Yes. The problem happens on the migration destination when XSAVE data is
not transmitted.  FP/SSE data is transmitted and must be restored, but
xstate_bv is zero and KVM_SET_XSAVE restores FP/SSE state to reset
state.  The vcpu then loses the values that were set in the migration data.

>> Since FP and SSE data are always valid, set them in xstate_bv at reset
>> time.  In fact, that value is the same that KVM_GET_XSAVE returns on
>> pre-XSAVE hosts.
> It is needed for migration between non xsave host to xsave host.

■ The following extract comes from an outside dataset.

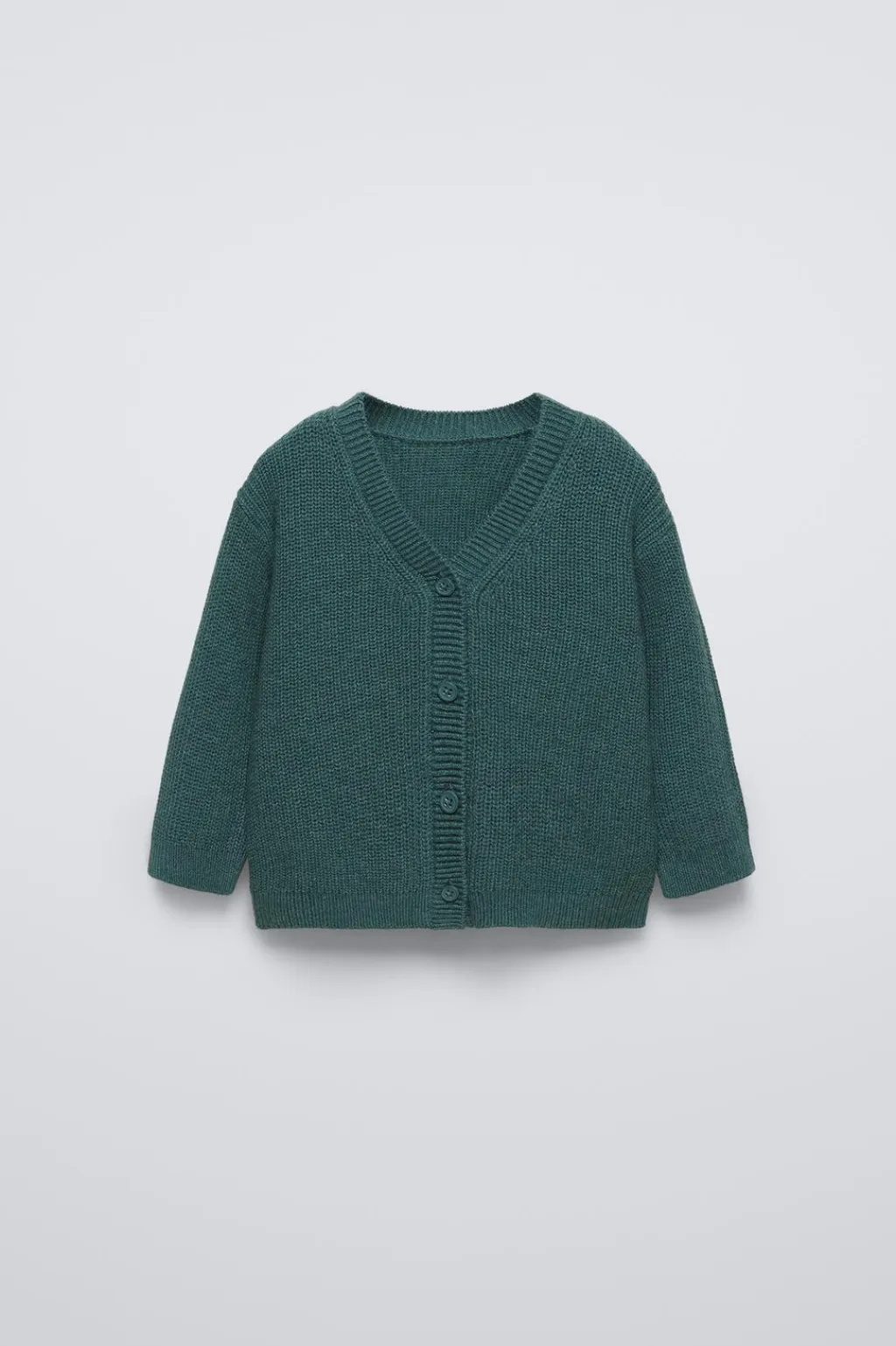 Chaqueta de punto con cuello pico y manga larga. Cierre con botonadura frontal.
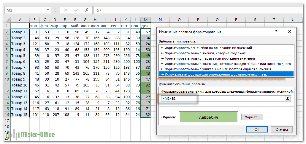 В двух приведенных выше примерах мы создали правила форматирования, напрямую указав числа: ограничения. Но в большинстве случаев вам нужно создать критерии форматирования на основе значений ячеек. Как это сделать? Предположим, в таблице записаны ежемесячные продажи различных продуктов. Необходимо выделить цветом те декабрьские числа, которые были больше, чем январские, в начале года.

Yes, and this patch does the same for migration between non-XSAVE QEMU
and XSAVE QEMU.

In fact, another bug is that kvm_vcpu_ioctl_x86_set_xsave ignores
xstate_bv when XSAVE is not available.  Instead, it should reset the
FXSAVE data to processor-reset values (except for MXCSR which always
comes from XRSTOR data), i.e. to all-zeros except for the x87 control
and tag words.  It should also check reserved bits of MXCSR.

>>
>> Signed-off-by: Paolo Bonzini <pbonzini@redhat.com>
>> ---
>>  target-i386/cpu.c | 1 +
>>  target-i386/cpu.h | 5 +++++
>>  2 files changed, 6 insertions(+)
>>
>> diff --git a/target-i386/cpu.c b/target-i386/cpu.c
>> index c36345e..ac83106 100644
>> --- a/target-i386/cpu.c
>> +++ b/target-i386/cpu.c
>> @@ -2386,6 +2386,7 @@ static void x86_cpu_reset(CPUState *s)
>>      env->fpuc = 0x37f;
>>  
>>      env->mxcsr = 0x1f80;
>> +    env->xstate_bv = XSTATE_FP | XSTATE_SSE;
>>  
>>      env->pat = 0x0007040600070406ULL;
>>      env->msr_ia32_misc_enable = MSR_IA32_MISC_ENABLE_DEFAULT;
>> diff --git a/target-i386/cpu.h b/target-i386/cpu.h
>> index 5723eff..a153078 100644
>> --- a/target-i386/cpu.h
>> +++ b/target-i386/cpu.h
>> @@ -380,6 +380,11 @@
>>  
>>  #define MSR_VM_HSAVE_PA                 0xc0010117
>>  
>> +#define XSTATE_SUPPORTED		(XSTATE_FP|XSTATE_SSE|XSTATE_YMM)
> Supported by whom? By QEMU? We should filer unsupported bits from CPUID.0D then too.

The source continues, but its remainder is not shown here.